Comment by xdennis

4 years ago

Looks like I'm in the minority. I always use spaces and non-ASCII characters in filenames.

In many languages it's a requirement. For example, in Romanian, there are 8 words that collide with „fata“ if you remove the diacritics (fata, fată, fața, față, făta, făță, fâța, fâță).

Given that we have to use diacritics, spaces don't seem like a big deal.

17 comments

xdennis

masklinn 4 years ago

> Given that we have to use diacritics, spaces don't seem like a big deal.

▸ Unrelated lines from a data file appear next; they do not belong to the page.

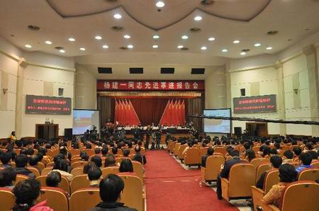 李友志表示,杨建一同志在学生生命受到威胁的危机时刻,奋不顾身、挺身而出、舍己护生,用英勇无畏的壮举,为学生撑起了生命的天空,充分展现了当代教师的高尚师德和光辉形象,深刻诠释了社会主义核心价值体系的丰富内涵,集中体现了“忠诚、担当、求是、图强”的湖南精神。他是我省教育战线的杰出代表,是全省人民的光荣和骄傲。他同时要求,全省各级各有关单位要把学习杨建一同志先进事迹与宣传贯彻党的十八大精神活动结合起来,与推进社会主义核心价值体系建设结合起来,与加强公民道德建设结合起来,与深入开展学雷锋活动结合起来,与切实转变作风、着力改善民生结合起来,用实际行动创造出无愧于时代、无愧于党、无愧于人民的光辉业绩,为全面推进我省“四化两型”建设、加快建成小康社会作出新的更大的贡献。
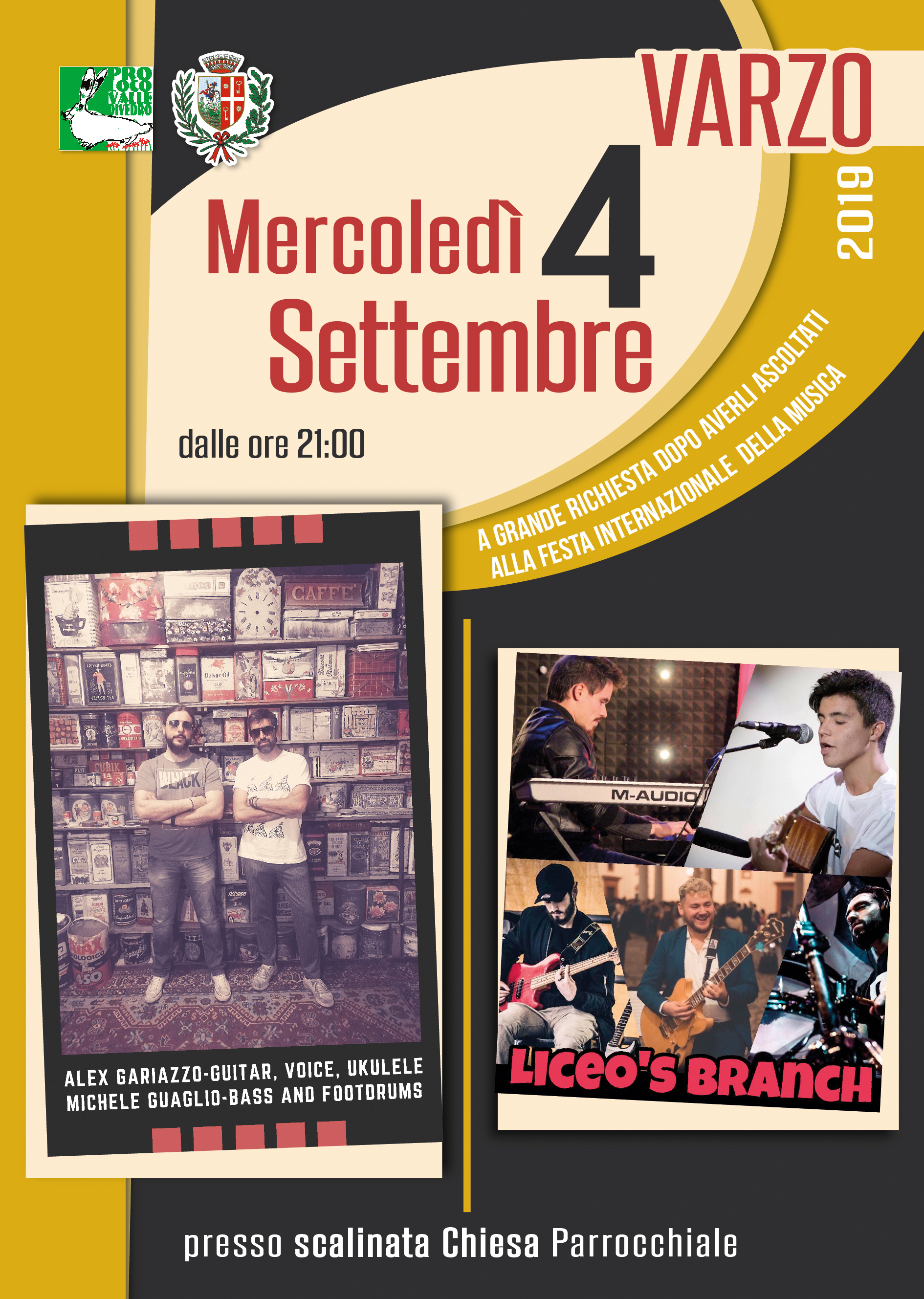 Mercoledì 4 settembre 2019 ore 21.00 Scalinata Chiesa Parrocchiale
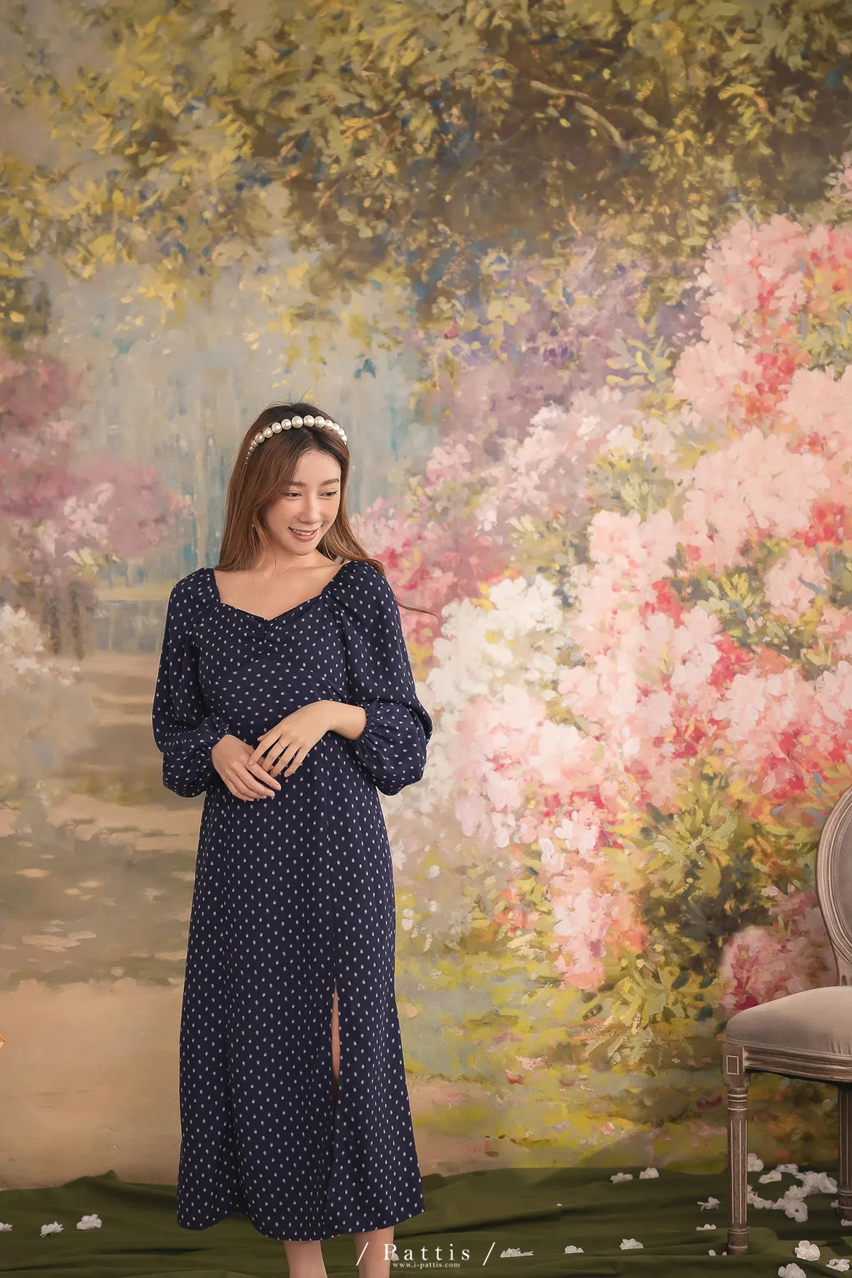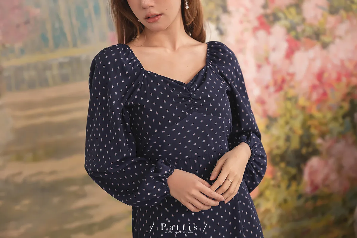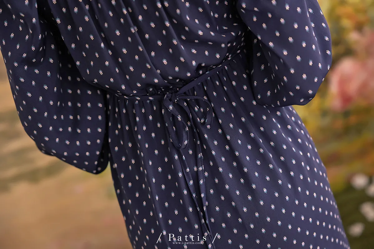 披著孔雀的淑女 | 小花束珠寶2way開岔洋裝(海王星藍)
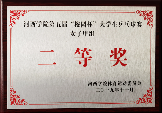河西學(xué)院第五屆“校園杯”大學(xué)生乒乓球賽女子甲組二等獎(jiǎng)
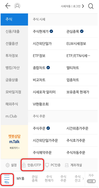 그리고 하단에 위치한 메뉴 - 인증/OTP 메뉴로 진입합니다.
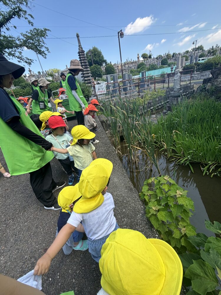 あひる組、うさぎ組で保育園の周りを歩きました。
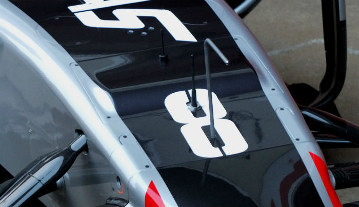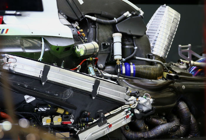 Below is another look at the roll hoop and airbox design on the Haas, the under hoop cooling duct is just visible.
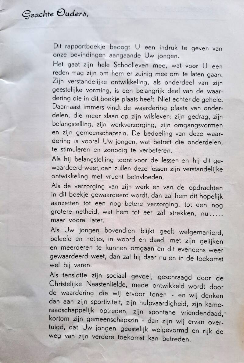 In mijn rapport staat het volgende opgenomen, gericht aan de ouders: "Als Uw jongen blijk geeft welgemanierd, beleefd en netjes, in woord en daad, met zijn gelijken en meerderen te kunnen omgaan en dit eveneens weer gewaardeerd weet, dan zal hij daar nu en in de toekomst wel bij varen."
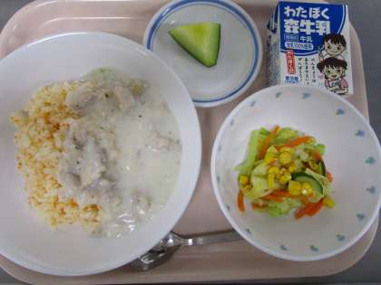 令和6年5月16日(木) 公開日 2024/05/16 更新日 2024/05/16 給食 ー今日の給食ー ・キャロットライスのクリームソースかけ ・コーンサラダ ・メロン ・牛乳 ー食材の産地紹介ー にんじん(千葉県) たまねぎ(兵庫県) しょうが」(高知県) エリンギ(新潟県) きゅうり(宮崎県) きゃべつ(茨城県) いいね(0)
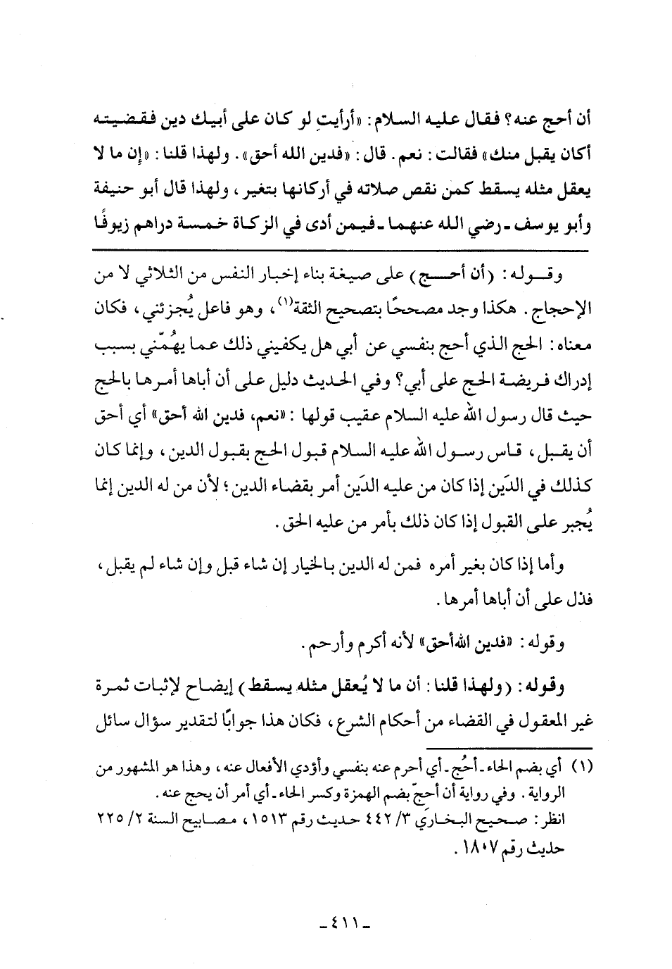 وقوله: (أن أحج) على صيغة بناء إخبار النفس من الثلاثي لا من الإحجاج. هكذا وجد مصححًا بتصحيح الثقة، وهو فاعل يجزئني، فكان معناه: الحج الذي أحج بنفسي عن أبي هل يكفيني ذلك عما يهمني بسبب إدراك فريضة الحج على أبي؟ وفي الحديث دليل على أن أباها أمرها بالحج حيث قال رسول الله عليه السلام عقيب قولها: ((نعم، فدين الله أحق)) أي أحق أن يقبل، قاس رسول الله عليه السلام قبول الحج بقبول الدين، وإنما كان كذلك في الدين إذا كان من عليه الدين أمر بقضاء الدين؛ لأن من له الدين إنما يجبر على القبول إذا كان ذلك بأمر من عليه الحق.

There is one big difference: CLI utilities don't usually care about diacritics (though encoding issues can throw a wrench in that), but they care a lot about spaces. So putting spaces in filenames requires properly quoting or escaping parameters, whereas diacritics does not. That makes one-off shell snippets and scripts a lot more annoying (though TBH I tend to shy away from those anyway, these days).

selfhoster11 4 years ago

So do I. I have a language, and I'm not afraid to use it. My computer should speak it just as well as I do.

cerved 4 years ago
There's a server at work that name with a non-ascii character. I've run into compatibility issues lots of times where I can't connect. I prefer to just use English with ASCII and be happy
- selfhoster11 4 years ago
  
  Server names are different. They are by and large machine-facing identifiers, whereas filenames have a 50-50 split of whether they are machine-facing, human-facing, or both. They makes their support of Unicode a much more critical (and appealing) proposition.
  
  1 reply →

yread 4 years ago

We have a few words that depend on diacritics to be unique in Czech as well - though not as bad as this example - but people just manage without. Hell, I don't even bother installing the Czech keyboard, if I REALLY need it (like in names), I just google for words that have the character and copy it

hdjjhhvvhga 4 years ago

So how did you deal with it in the 80s/90s?

PeterisP 4 years ago

Not sure about Romanian, but for many other languages people essentially came up with transliteration schemes (multiple, incompatible, ambiguous) to squeeze your language into ascii.
The resulting text was understandable by the "computer people" but not the general population who did not use the networks back then, perhaps somewhat comparable to when some time ago USA parents encountered the "SMS slang" used by their teenagers.
xdennis 4 years ago
As you would assume: use ASCII and deduce from context. Many people still do that.
That has lead to phantom diacritics: reading letters in unfamiliar words/names based on what you assume they are. For example some pronounce Chirica as Chirică because they assume someone forgot to type the breve in ă.
- apricot 4 years ago
  
  I call it the habanero trap. There is no ñ in "habanero", yet a lot of people say "habanyero", probably by analogy with "jalapeño".
octorian 4 years ago

Back in the day there were dozens of character sets that were alternatives to US-ASCII. Having once worked on an Email client, I needed to bake in a bunch of translation tables to convert stuff sent that way into UTF-8.

rob74 4 years ago

Hmmm, I thought I was fluent in Romanian (born there and lived there for 26 years), but I only know 5 of those 8 words...

theshrike79 4 years ago
According to Google Translate the first two are "girl" and the rest are "face". =)
- qayxc 4 years ago
  
  Google Translate is a horrible tool for "translating" single words or lists of unrelated words.
  Use a proper dictionary for that. The very nature of statistical models makes proper translation without context impossible for these systems, especially when uncommon words and diacritics are involved.
- xdennis 4 years ago
  
  * fata - the girl
  * fată - girl
  * fața - the face
  * față - face
  * făta - was giving birth
  * făță - a small fish, or a child who won't sit still
  * fâța - was fussing
  * fâță - variant of făță
  As you might infer from the first 4, Romanian uses postfix "the" and for singular feminine words you can't tell the difference if you use only ASCII.
xdennis 4 years ago

That doesn't seem unusual. Only the first 5 are very common.

vadfa 4 years ago

>In many languages it's a requirement. For example, in Romanian, there are 8 words that collide with „fata“ if you remove the diacritics

That is what context is for.